One good thing is that Adobe ended support for Adobe Flash on 31 December 2020. At least this should reduce the number of cases of Mac malware disguised as the Flash Player arriving on the Mac.
Do Macs need antivirus?
Having just demonstrat that there is a the risk pose by Mac malware you might be thinking. That it’s clear that Macs need antivirus, but that’s not necessarily the case.
Apple goes to great lengths to protect you from malware by making it almost impossible. For you to download it in the first place, let alone install it.
For example, Apple has anti-malware protection known as XProtect built into into macOS that inspects every app for malware. Apple also has Gatekeeper, a feature of macOS that checks that any app you attempt. To open or install has come from a certified developer.
Thanks to these features, before you can install an app, your Mac will check it against a list of malware, and even if there is no reason for concern it will not make it easy for you to open an application from a developer that it hasn’t approved.
In the next section we’ll run through all of these macOS specific features. That should keep you safe from Mac malware. But keep on reading to find out why they may not be enough.
How Apple protects Macs from viruses
Macs are generally safer than PCs, but with the threat to the Mac growing due to. The increasing popularity of the platform (both with consumers and with those who wish to target Mac users). Apple has had to build in protections to macOS and the Mac hardware itself.
In this section we will look at the inbuilt protections in macOS and will establish whether they are enough. Or if you should also install antivirus software on your Mac.
How XProtect works
The Mac’s malware scanning tool, XProtect, works invisibly and automatically in the background and requires no user configuration. Apple has a list of malicious applications that it checks against when you open downloaded applications. XProtect is regularly update by Apple, and it updates in the background, so you should always be protect.

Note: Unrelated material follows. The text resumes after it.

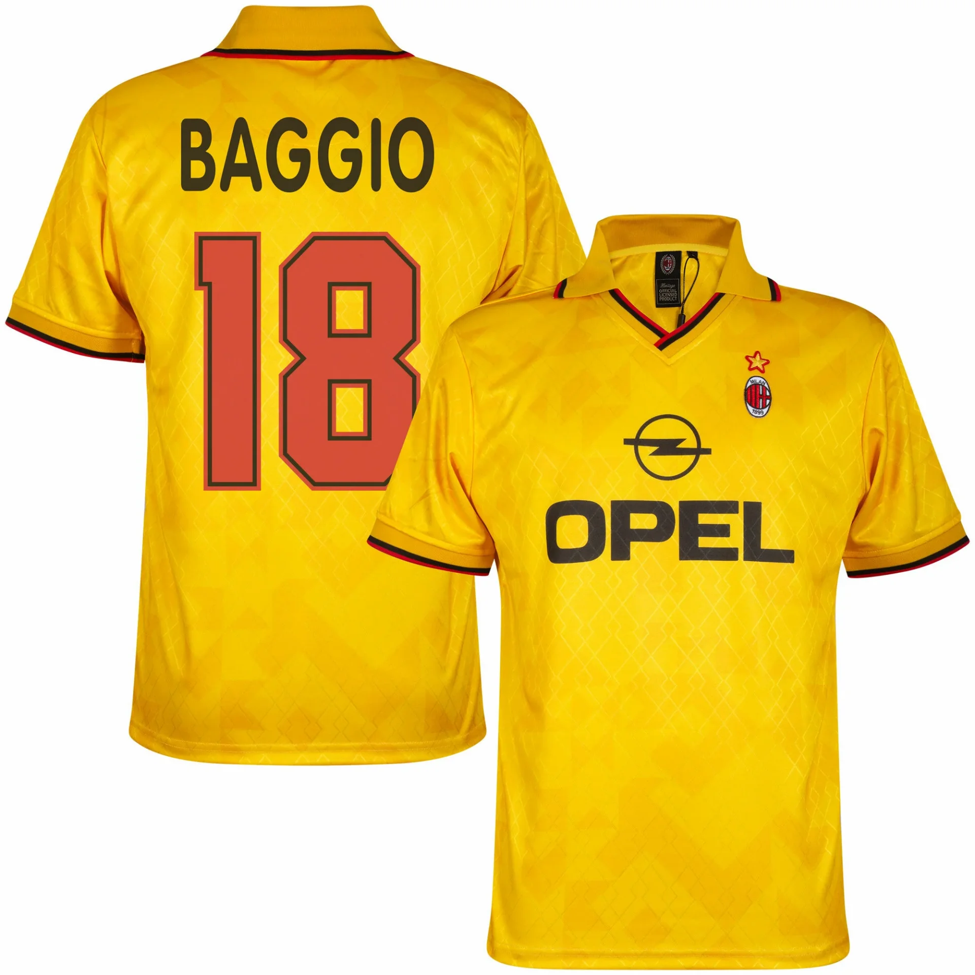 Questa è la terza maglia da calcio ufficiale dell'AC Milan 1995-1996. Il retro presenta la stampa di BAGGIO (18). Questa maglia da calcio retrò del Milan si basa sulla terza maglia da calcio dell'AC Milan della stagione 1995/96. La maglia da calcio retrò è prevalentemente gialla. Il nome dell'allora sponsor, OPEL, è stampato al centro. Il logo dell'AC Milan sul petto a sinistra è sovrastato da una stella dorata. Inoltre, questa maglia da calcio retrò dell'AC Milan presenta uno scollo a V e un colletto a polo con una linea rossa e nera. Anche il piping presenta questi colori. Una fantastica maglia da calcio dell'AC Milan per il vero tifoso del Milan! La maglia da calcio retrò dell'AC Milan di COPA Football ha una vestibilità regolare. Materiale: 100% poliestere riciclato.

This is similar to having antivirus software from a third party software developer running on your Mac. With the bonus of being written into the operating system and therefore it doesn’t hamper the speed of your Mac.
If you download and try to open files contaminated with malware. You may see an explicit warning that the files will “damage your computer”. Along with a reference to type of malware. In that case you should delete the file immediately.
This is great news for Mac users, but is it enough? How does XProtect compare to the antivirus solutions out there? Well, XProtect may not be as up to date as some of the solutions. And it doesn’t look for as many strains of malware as the third-party solutions do. Read our round up of the Best Mac Antivirus Apps.
How Gatekeeper works
Thanks to Gatekeeper, macOS blocks download software that hasn’t been digitally sign – a process in which Apple approves the developer. This leads to the familiar error message when you try to use or install unsigned software: “[this app] can’t be opened because it is from an unidentified developer.”
GateKeeper can protect you by only installing software downloaded from the Mac App Store. Or you can set it to allow you to install software from the web – but from verified developers.
One change to Gatekeeper that arrived in macOS Catalina includes software being check for malware. And other issues every time it runs, rather than just the first time you install it.
You can adjust these settings via the Security & Privacy section of System Preferences:
- In Security & Privacy select the General tab
- Choose from the options underneath Allow Applications Downloaded From.
- Choose App Store or App Store and Identified Developers.